Summaries of Must-Read Clinical Literature, Guidelines, and FDA Actions
Remote Monitoring of RA From Smartphones Into EHRs
Remote monitoring of rheumatoid arthritis (RA) has uniquely integrated daily patient-generated health data (PGHD) from smartphones into the EHR, according to findings from the Remote Monitoring of Rheumatoid Arthritis (REMORA) study. The Remote Monitoring of RA smartphone app was co-designed with patients, clinicians, and researchers using qualitative semi-structured interviews and focus groups, including selection of question sets for symptoms and disease impact. Acceptability and feasibility were assessed with 20 RA patients and 2 clinicians over 3 months. Among the findings:
- Patients submitted data on a median of 91% days over 3 months.
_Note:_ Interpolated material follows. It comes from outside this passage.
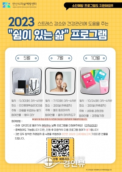신청은 관내 자영업자나 자영업 관련 종사자라면 안산시자살예방센터 누리집이나 공식 인스타그램을 통해 접속한 뒤 QR코드로 접수하면 된다.

- Qualitative analysis generated 3 themes: RA as an invisible disease; providing the bigger picture of RA; and enabling person-centered consultations.
- Graphs of patients’ daily data identified real-time changes in disease activity that may have otherwise been missed.
Austin L, et al. Providing ‘the bigger picture’: Benefits and feasibility of integrating remote monitoring from smartphones into the electronic health record. Rheumatology. [Published online ahead of print July 23, 2019]. doi: 10.1093/rheumatology/kez207.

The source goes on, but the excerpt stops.